小飞鼠不是那种自私自利的鼠,它做鼠一般都很大气,虽然它跟人类不怎么对路,但有句话怎么说来着,出门在外,五湖四海皆是朋友嘛。
所以小飞鼠在心里打定了主意,再一次大大的吃了一口番茄后,它跳出盘子,用头拱拱盘子,对着夏辞指手画脚示意他食用,这动作也仿佛是在告诉夏辞:”兄弟,你客气个啥,不要客气了,这顿我请了,你尽管吃。”
夏辞感觉被雷劈,有些呆愣的仰头看向桌对面的郑雨眠,接着从眼睛里涌出十分复杂的情感:”我刚刚看到了什么,我现在该怎么做?”
郑雨眠没了以往的雷厉风行,顿了一会儿,抿了抿嘴,才道:“要不……我再给你煮点面吧。“
夏辞想哭了,但他没有哭出来,而是很无奈的很坚强的扶额的点了点头。
娜娜的娱乐活动十分有限,它此时趴在餐桌上,看着小飞鼠继续大吃特吃。
这些饭菜已经不能吃了,倒了又可惜,索性还是让小飞鼠吃个饱,吃个尽兴算了,说不定以后,小飞鼠就是这个“家”的一员。

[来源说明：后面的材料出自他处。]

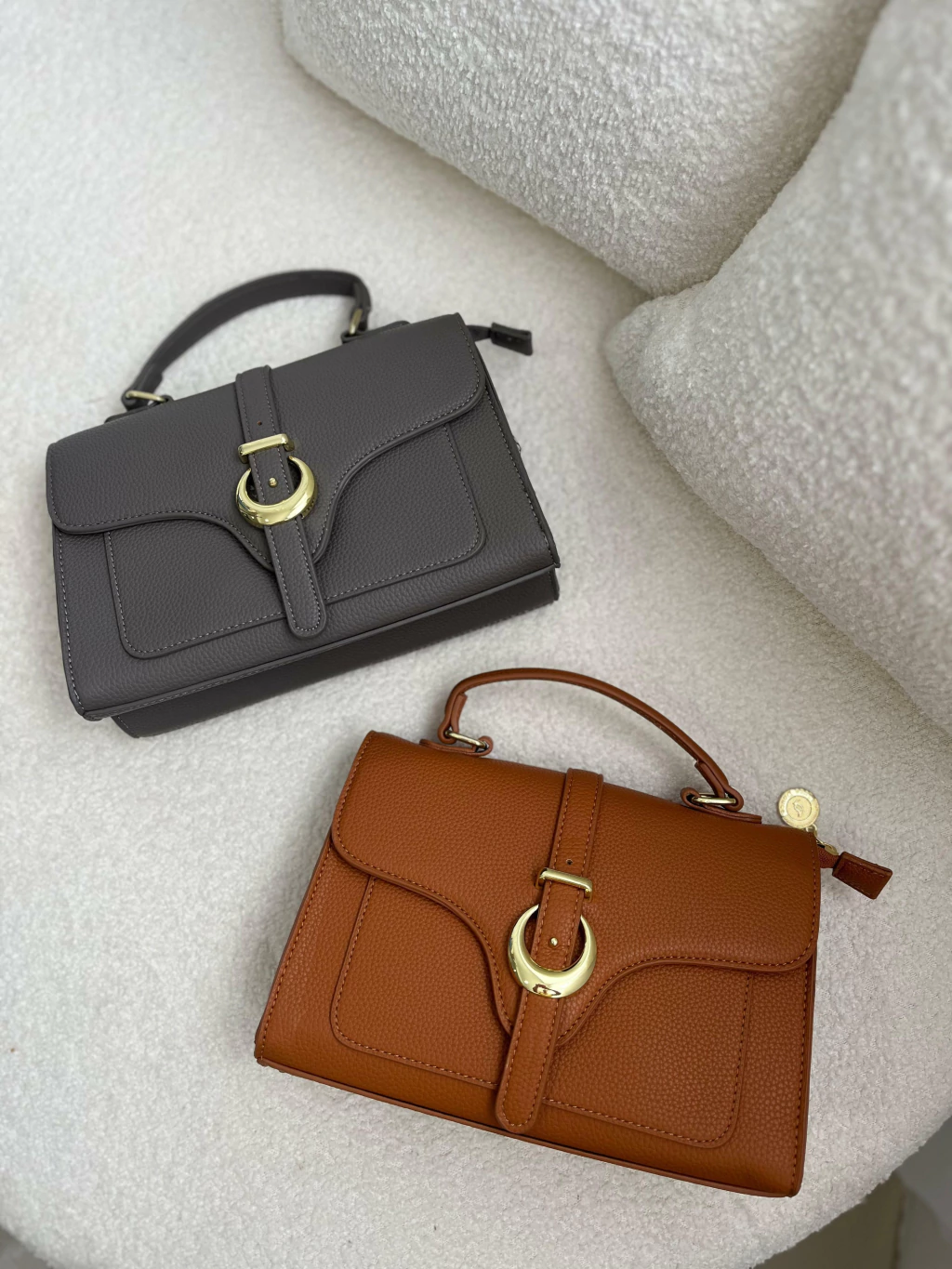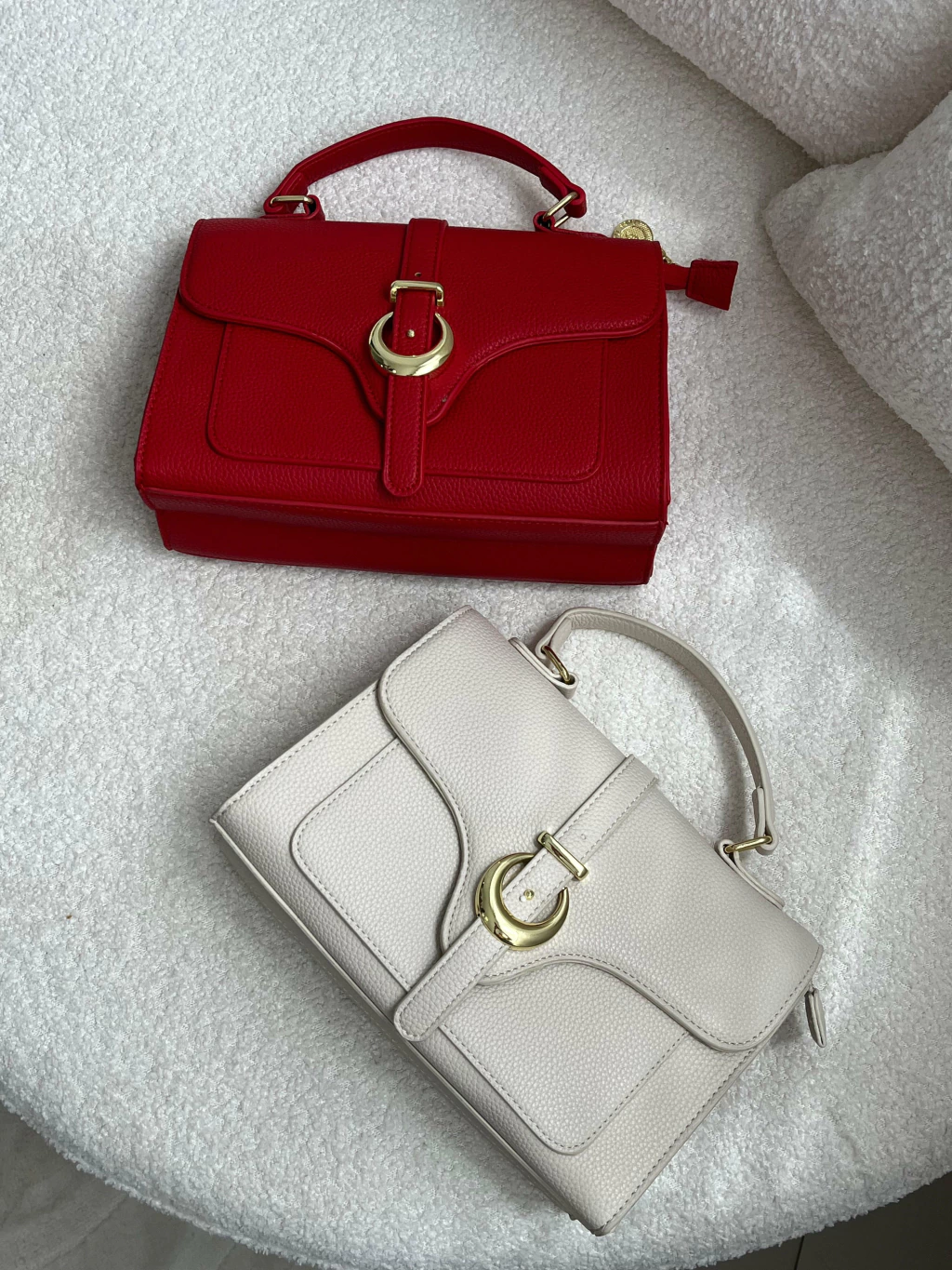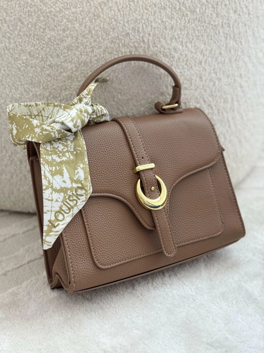 Design e Estilo: Com acabamento em couro texturizado, essa bolsa apresenta um design elegante e moderno, complementado por um fecho dourado em formato de meia-lua, que adiciona um toque de luxo. O detalhe em lenço, amarrado com delicadeza, traz um elemento de frescor e personalidade à peça.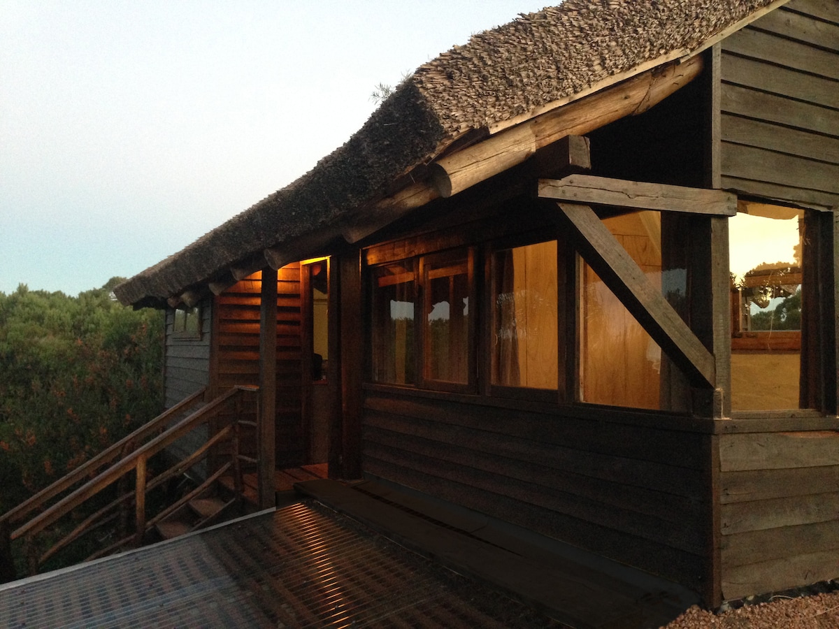 Alojamiento en el campo a 20 minutos a pié del centro de Valizas. Cabaña construida con materiales naturales (barro, madera, paja) de 36 m², con baño privado y cocina totalmente equipada, para 2 personas. La habitación, equipada con excelentes colchones de alta densidad, es configurable en formato de cama matrimonial king o 2 camas twin. Deck exterior con vista a increibles atardeceres contra el bañado y la sierra.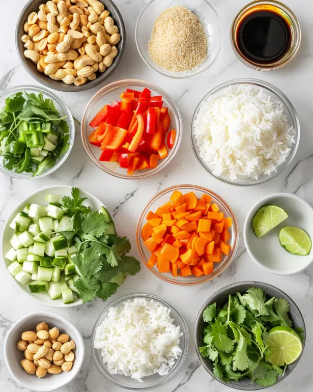 4. Dress It Up: Drizzle that delicious dressing over everything and toss gently to combine. You don’t want to break your crispy rice, so just a light hand here! Top with chopped peanuts for that extra crunch and ta-da! You have a hearty salad ready to serve.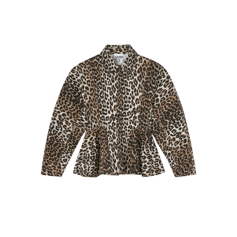 Oplev et perfekt mix af tidløs elegance og moderne kant med denne peplum-skjorte med leopardprint fra GANNI. Skjorten er lavet i en blød, økologisk bomuldsblanding, der både føles let og behagelig mod huden, samtidig med at den holder faconen flot hele dagen. Det karakteristiske leopardprint giver et fashionable udtryk, som løfter ethvert outfit, mens den klassiske krave og knaplukning foran skaber et elegant, rent look. De rundede ærmer tilfører et feminint touch, og den let udskårede peplumsilhuet fremhæver taljen på en flatterende måde. Med sin alsidige stil kan denne skjorte dresses op med en nederdel og heels til særlige lejligheder eller styles mere casual med jeans og sneakers til hverdagsbrug. En moderne garderobeklassiker, der gør ethvert look mere spændende.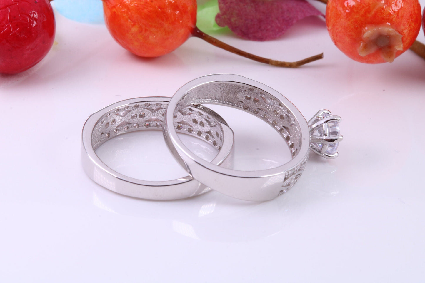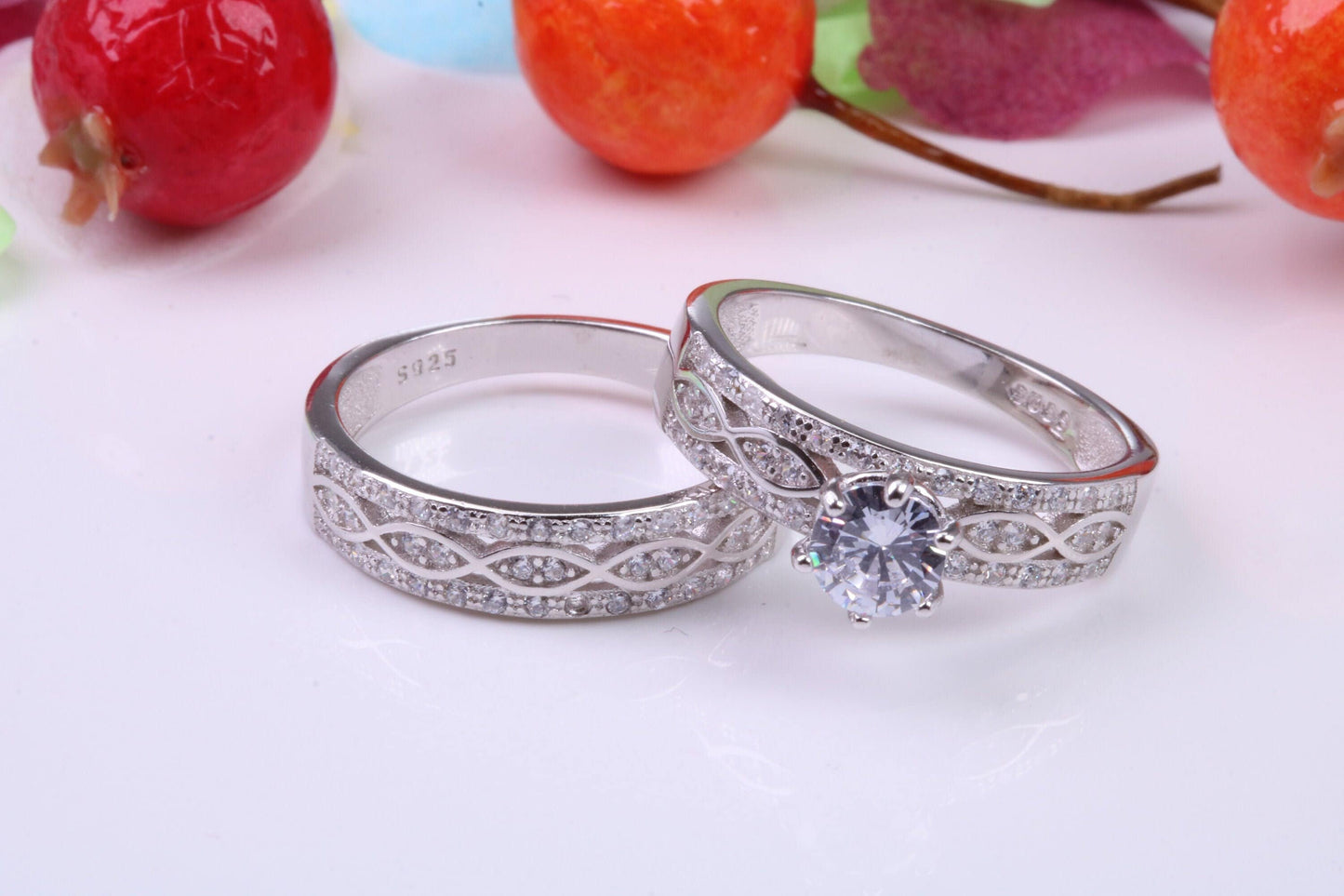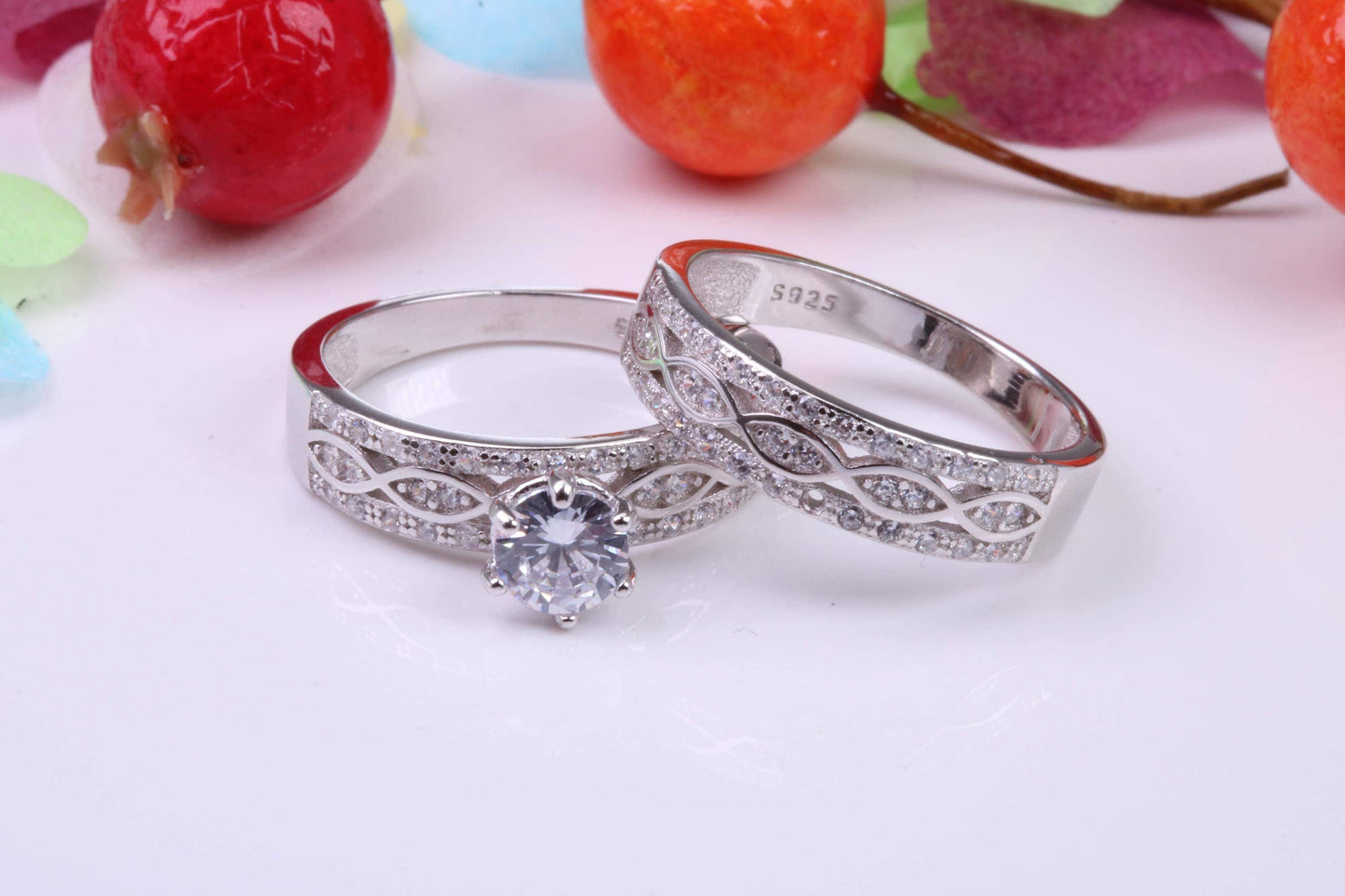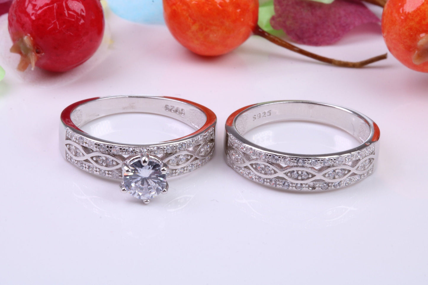Matching Engagement and Wedding Ring, Cubic Zirconia set Rings, Made from solid Silver

天色渐晚,从窗户望去,天空浮着紫黑色的云,远远看去,就像经过细心涂鸦的画,显现着一种别样的美。
夏辞淡淡的看了一眼,就收回目光,然后用身体靠着门框,看着郑雨眠煮面。
她浑身上下显得很完美,袖口卷起来露出的手臂,没有一丝赘肉,也看起来很均称。
郑雨眠要给夏辞煮的面,是鸡蛋西红柿面,她此时正切着西红柿,样子很娴淑,按住西红柿,认真的一刀接一刀切,发出响声,厨房里,也只有这一种响声。
“好漂亮。”夏辞在他身后轻轻的说。
郑雨眠以为他说得是刀功,她笑道:”那自然,也不看我是谁,你怎么跑进来,没去教导娜娜。”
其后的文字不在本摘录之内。